Local knowledge does not just apply to edible plants, it also applies to techniques such as air-drying fish and meat. There was a time not that long ago when racks of air-dried cod could be seen along all the coasts of the Atlantic Fringe, from Portugal to Norway.
Every year, between January and April, the Atlantic cod migrates to the nutrient-rich sea around Lofoten and Vesteralen off the coast of Norway in the arctic circle. And every year, since the 1100s, the fishers of this region have caught mature cod, brought it home, and hung it out to dry in the northern winds, the sun‘s reflection in the snow tanning the fish a rich golden colour. This natural process preserves the gutted and beheaded fish, reduces the water content and increases the protein content, 68-78% compared with 18% in fresh cod. When fully dried the solid flesh has a concentrated aroma, and is stick-like, known as stockfish. Once the stable of many coastal communities on the Atlantic fringe, cod need specific climatic conditions to dry completely in the open air. The people of northern Norway are the last to maintain this centuries old tradition.
One of the most sublime legendary dishes of the world is found in the Faroe Islands, the Atlantic archipelago centred between Iceland, Norway and Scotland, a seemingly simple preparation of lamb with potatoes and root vegetables. All it is not what it seems. Faroese lamb has a special quality that is enhanced by a process that produces a fifth element, the umami flavour that comes after bitter, salty, sour and sweet. Bent Christensen, Jonhard Mikkelsen, Poul F. Guttesen, Maria Canabal and Borghild Sjúrðaberg, who wrote the text for the book produced by KOKS restaurant in 2016, describe the process known as ræst.

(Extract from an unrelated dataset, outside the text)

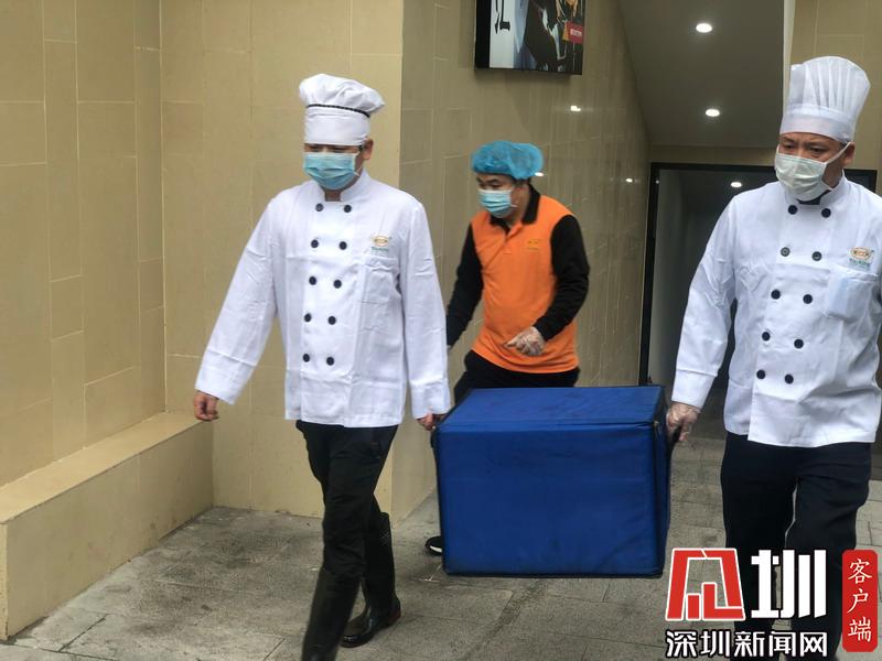 为新型冠状病毒感染的肺炎疑似病人准备的餐食到达深圳禾正医院(深圳市新型冠状病毒感染第二隔离区)。

‘Used on fish and meat, ræst achieves its glory with lamb. The wind, heat, altitude, cold, level of humidity and salinity as well as the microorganisms that are endemic to the island, make ræst taste unique. The meat can be milder or stronger, more or less acidic, redder, streakier, firmer or softer but it will above all, have a flavour that cannot be found in any other part of the world. It is the mark of the local cuisine.’
Ræst is not unique, it has a counterpart in culatello, the cured, dried pork salumi of Emilia-Romagna and Lombardy. Made with the muscular part of the hind leg, salted and aged for 12 months, the city of Zibello is famed for its culatello. In 1891 Gabriele d’Annunzio noted that ‘the square of land surrounding Zibello, where the air of the Po River is often humid and good for the mould that preserves this fatless cut of meat,’ produced the best culatello.
Cured air-dried beef, a product of the central Asian lands that raised the older breeds of cattle 5,000 years ago, had a sordid past and now has a specialised future. Associated with the Huns, who carried the cured meat on their war raids, it was the Seljuk Turks who brought the technique to Anatolia and established it in the Kayseri region where the weather was conducive to air-drying. They called it pastirma. Originally cured with a paste that included cumin, red pepper (paprika), garlic, cinnamon and vegetable oil, it is now made with various preparations to improve the flavour and quality. Numerous versions of pastirma are produced in the countries once ruled by the Ottoman Turks. The technique penetrated Europe where the Swiss continue to excel with their specialist production. It pre-dated colonialism in Africa and America, and is now a specialist product in south America, eastern, southern and western Africa. The gradual movement in some countries toward the hardier breeds of cattle would suggest that localised production of air-dried beef is on the sustainable agenda.
These ancient food techniques were sustainable when the global population was a fraction of the modern total. Whether they can be sustainable in an urban centred future is the big question, it is difficult to imagine in this moment with our repeated failure to utilise the local knowledge of indigenous produce, food techniques, baking and cooking skills and community empowerment.